Of the 1%, for the 1%, to the 1%

 

Of the 1%, for the 1%, to the 1%?

Single People and social assistance

  • In 2012, three years following the greatest recession since the Great Depression, 1.1% of Ontarians (157,000 men and women) received social assistance (Ontario Works) in Ontario (in February 2012).
  •  The number of single people receiving Ontario Works has increased by over 65% (157,000 vs. 95,000) since the year 2000.

Social assistance benefit rates

  • Ontario’s single social assistance rate (Ontario Works) was increased to $599 a month in December 2011, with $227 allocated (by regulation) to basic needs.
  • The minimum monthly cost of a nutritional food basket requiring secure, energy efficient, and affordable storage, freezing, refrigeration, and cooking facilities is $270.
  • Ontario’s single social assistance rate was $663 a month in 1993.
  • If adjusted for inflation since 1993, Ontario’s single social assistance rate would now stand at $942 a month, $343 more than in 2012.
  • It would take a 57% rate increase to equal the single rate paid in 1993.

Social Assistance and Minimum wages

  • The social assistance single rate now stands at 36% of full time minimum wages ($10.25 an hour), the same as in 1937 when minimum wages were first legislated.
  • In 1993, the social assistance single rate stood at 60% of full time minimum wages ($6.35 an hour)
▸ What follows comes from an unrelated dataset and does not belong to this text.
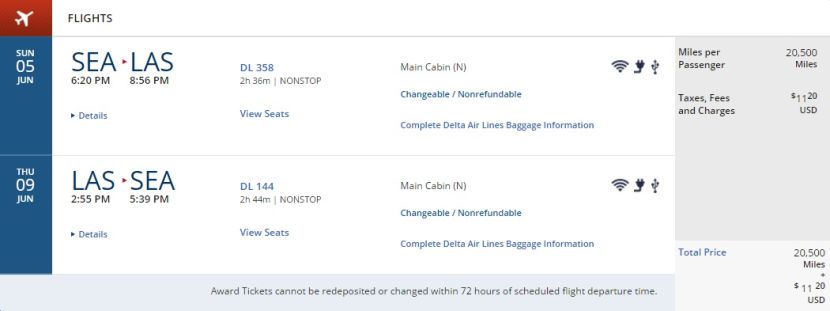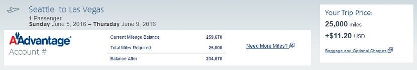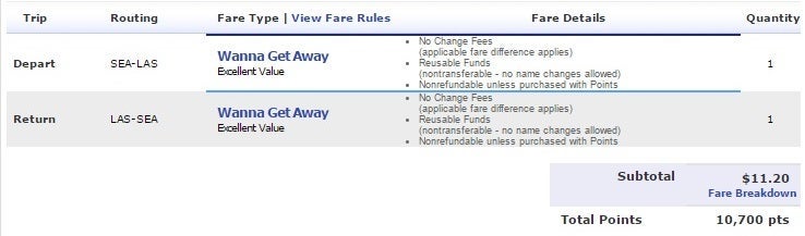You won't have that problem when redeeming Rapid Rewards points, since the cash price and award price are connected. For example, consider a round-trip flight from Seattle to Las Vegas on June 5-9. At the time of writing, Southwest was offering a nonstop evening departure and afternoon return for 10,700 points (plus $11.20 for security fees). If you paid cash, that same flight would cost you about $188.

The record of successive governments

  • In 1995, the Harris government cut the single rate by 21.6% to $520 a month.
  • The $520 rate was not adjusted in the next 8 years by Mr. Harris or Mr. Eves
  • If adjusted to inflation, the $520 would have risen to $614 a month in 2003
  • In other words, just to get this rate back to where it was when cut would have required an 18% increase.
  • The McGuinty government inherited the $520  rate and has raised it several times to $599 a month, an aggregate increase of 15.2%
  • Had the $520 rate been adjusted to inflation since 2003, it would now stand at $613 a month
  • It would take an additional 2.3% increase to raise rates to where they were in 2003 and a 39.2% increase to raise them to the inflation adjusted level ($724 a month) they stood at after the Harris cuts.
  • The current $599 a month rate – in real terms – is $225 a month less than what it was following the Harris cut of 21.6%.